- [DATASET SECTION]

####################

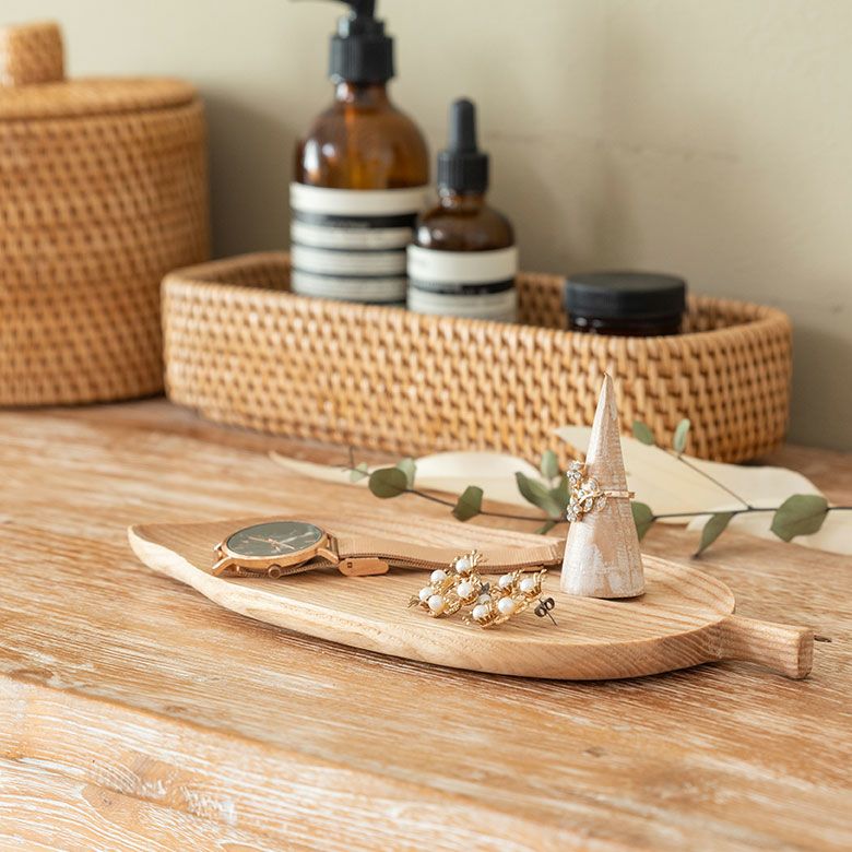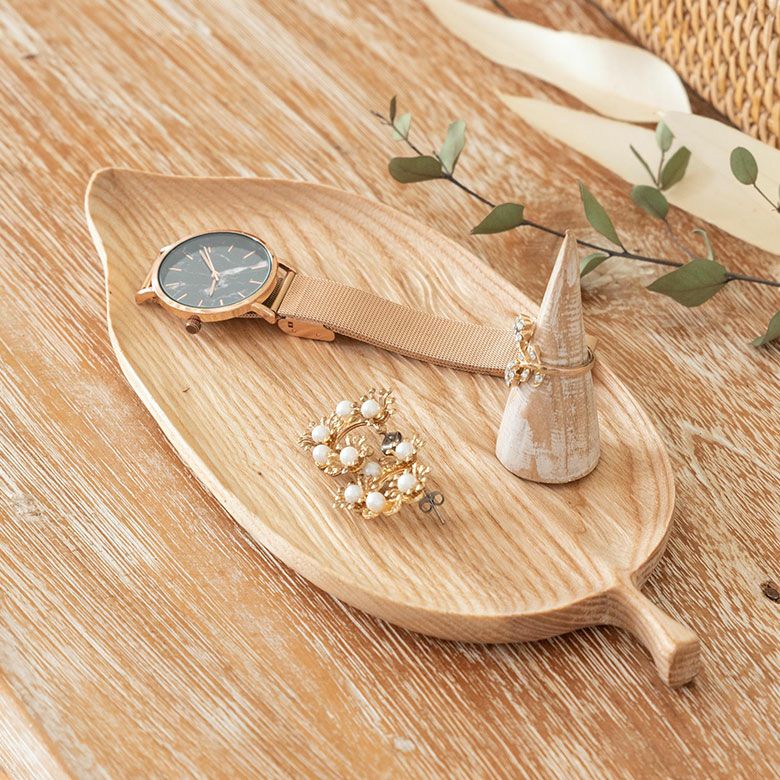 カフェ お菓子 おつまみ 木皿 ランチプレート 食器 ワンプレート ウッドトレイ 葉っぱ リーフ M ナチュラル 木製 トレイ ウッド 約 W 24cm D 11.2cm H 1cm [51304]【 トレー お皿 プレート デコレーション キッチン ダイニング パーティー パン チーズ テーブルコーディネート おしゃれ かわいい 北欧 リゾート バリ アジアン 雑貨 】
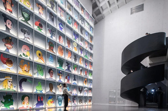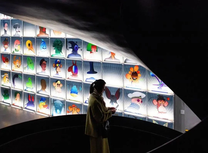 2022武漢雙年展,觀眾在作品《Cyberbobo》前駐足
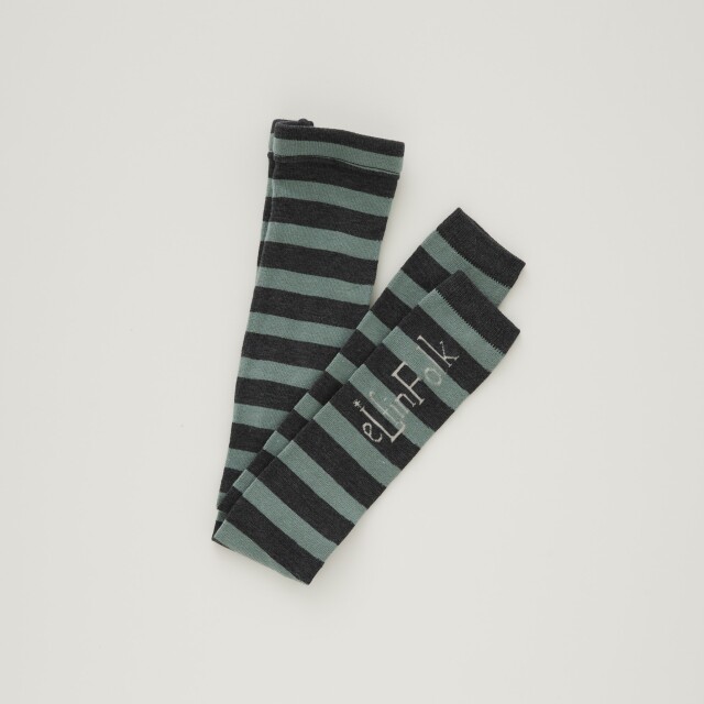字のロゴを編み上げるのは非常に難しい技術ですが、香川県にあるソックス工場のハイクオリティーな技術で伸縮性も抜群。 ストライプの濃淡の配色も美しいレギンスはワイドストライプ、ハイソックスはナローストライプ。コーディネートを足元からグレードアップさせてくれます。。

####################

- [WHAT TO PRODUCE]
The answer must be the whole listing, word for word, with no pictures in it. Please write it out.

- [RESPONSE AREA]
 カフェ お菓子 おつまみ 木皿 ランチプレート 食器 ワンプレート ウッドトレイ 葉っぱ リーフ M ナチュラル 木製 トレイ ウッド 約 W 24cm D 11.2cm H 1cm [51304]【 トレー お皿 プレート デコレーション キッチン ダイニング パーティー パン チーズ テーブルコーディネート おしゃれ かわいい 北欧 リゾート バリ アジアン 雑貨 】
 2022武漢雙年展,觀眾在作品《Cyberbobo》前駐足
字のロゴを編み上げるのは非常に難しい技術ですが、香川県にあるソックス工場のハイクオリティーな技術で伸縮性も抜群。 ストライプの濃淡の配色も美しいレギンスはワイドストライプ、ハイソックスはナローストライプ。コーディネートを足元からグレードアップさせてくれます。。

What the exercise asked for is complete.